The day finally came thanks to a visit from the Wife's best mate and her new partner - someone strong enough to push the powered starter up to the CR750 and a chance to start her up.
First job - check the oiling. Bike in fifth gear and the plugs out, ignition off and spin her up. It's all looking good, with the oil cap up, the tank emptied - but would it return? Well after a few cautious seconds, it did. Not a torrent by any means but more than a trickle. I think the deep sump means I need a bit more oil in the tank but otherwise it seemed OK. Oil pressure was low at only about 20lb/sq inch but nothing untoward happening so I thought I'd go for a starting attempt.
Plugs all back in, leads on, fuel in and the taps open - flowing nicely through the see through filters and no initial debris which means I cleaned the tank out successfully. Now the first problem - CR31s with ticklers. I've never had a bike with tickler carbs before but was told that once tickled correctly, I should get fuel dripping out of them. I pushed them up and down rather then push in and leave it in for about 8 - 10 pushes and then left them.
Then, off we go, starter cranked up to full and applied to the back wheel, up to speed and dump the clutch. Normal burble for a new engine and then cylinder one fired....but none of the others did. We stopped and took the plugs out, checking for a spark on each one and then for another go...
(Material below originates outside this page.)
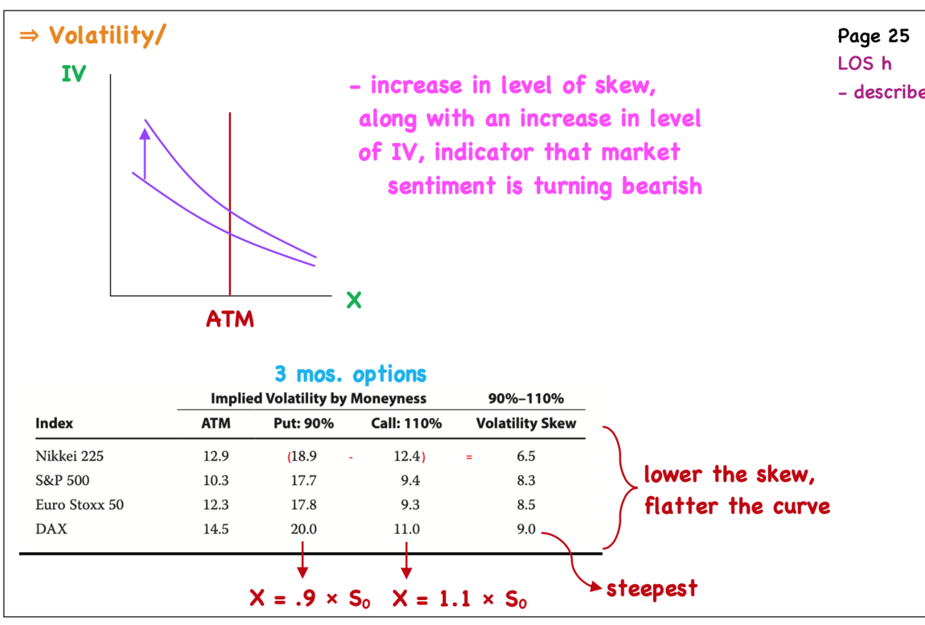 Negative or Reverse Skew: If the skew is negative, it means that OTM put options have a higher implied volatility than OTM call options. This is often seen in equity markets where investors are more concerned about price drops and hence are willing to pay more for put options to protect their investments. A negative skew suggests that the market is expecting a downward price movement.

Back up with the wheel spinning, clutch out and it sounded like it was trying so I opened the throttle the tiniest of bits and it was really popping, but still not catching. The exhausts were popping and blowing infrequent flame as unburnt fuel was lit in them but that's all. The header pipes became too hot to hold but still no starting.
I know the cam timing is right and I was orignially confident that the static timing of the ignition was right. All plugs are sparking nice healthy sparks which means one of three things - fuel not getting through (plugs were moist but not running wet with petrol), fuel from my jerry can was too old (it's a few weeks old but not ancient), or the timing of the ignition is out.
I think I need to check all three things starting with the timing. Anyone have thoughts on what theythink it might be? The wife took some video so when she's uploaded it I'll post it on - may take a month or so! Back to the drawing board in the meantime, rats!!